- DVD cover
- Directed by: Sagar
- Written by: Sagar
- Produced by: Kamineni Prasad
- Starring: Ravi Teja Radhika Varma
- Edited by: Nagi Reddy
- Music by: Madhukar
- Production company: Samsritha Films
- Release date: 27 December 2002;
- Country: India
- Language: Telugu

= Anveshana (2002 film) =

2002 Telugu film

Anveshana is a 2002 Indian Telugu-language horror film directed by Sagar. The film stars Ravi Teja and Radhika Varma in the lead roles. This film marks the film debut of Radhika and the music director, Madhukar.
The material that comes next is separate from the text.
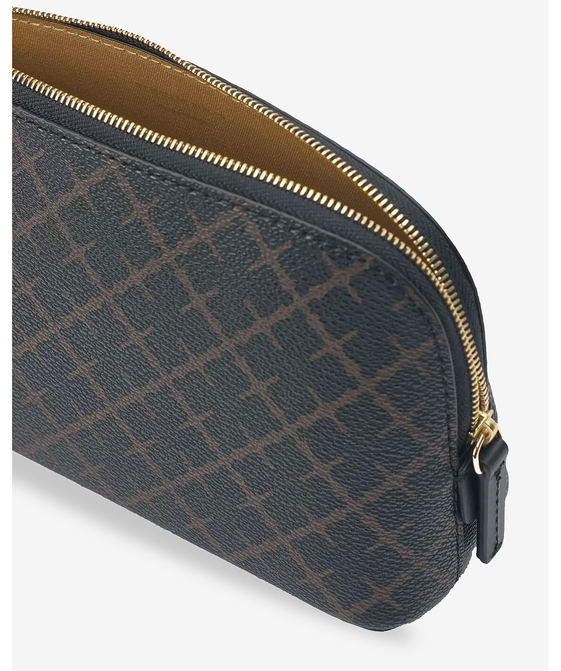 Mörkbrun necessär från By Malene Birger med deras klassiska blommönster. Stängs med guldfärgat blixtlås. Tillverkad av PVC.

The film was released after a two-year delay.

== Plot ==
Prabhakar mysteriously dies after walking on a train track. His brother, Vamsy, suspected that his death is not a suicide, but a planned murder. Vamsy falls in love with Bhavana and they subsequently marry as their horoscope matches. They later find letters addressed to Prabhakar telling him to come to the forest or face consequences. The rest of the story is how Vamsy and Bhavana figure out the truth behind Prabhakar's death.

== Production ==
The film was initially titled Ksudra. Ravi Teja only shot for two of the five songs since he became busy with other films midway through this film's shoot.

== Soundtrack ==
The songs were composed by Madhukar. The song "Mama Mama Mama Eme Eme Bhama" from Manchi Manasulu (1962) was reused for this film.

Track-List
| No. | Title | Lyrics | Singer(s) | Length |
|---|---|---|---|---|
| 1. | "Are Are" | Surendra Krishna | Kausalya | 3:55 |
| 2. | "Mama Mama" | Kulasekhar | Ravi Varma, Lenina | 4:08 |
| 3. | "Nuvve Nenani" | Surendra Krishna | Usha | 5:55 |
| 4. | "Jamu Rathiri" | Kulasekhar | Ramu, Usha | 4:58 |
| 5. | "Paruvala" | Kulasekhar | Ravi Varma | 3:45 |
| Total length: |  |  |  | 22:41 |

== Reception ==
Jeevi of Idlebrain.com gave the film a rating of two out of five and wrote that "The first half of the film provides some entertainment and a few surprise elements. Second half is boring at times". Gudipoodi Srihari of The Hindu wrote that "There is nothing in the character of Vamsi for Raviteja to do anything. But for a new fights it is a drab role. Music composer Madhukar, making debut with this film, appears to be more a sound effects man". A critic from Telugucinema.com panned the film and wrote, "the film is an endless torture to any one who incase wants to see the film".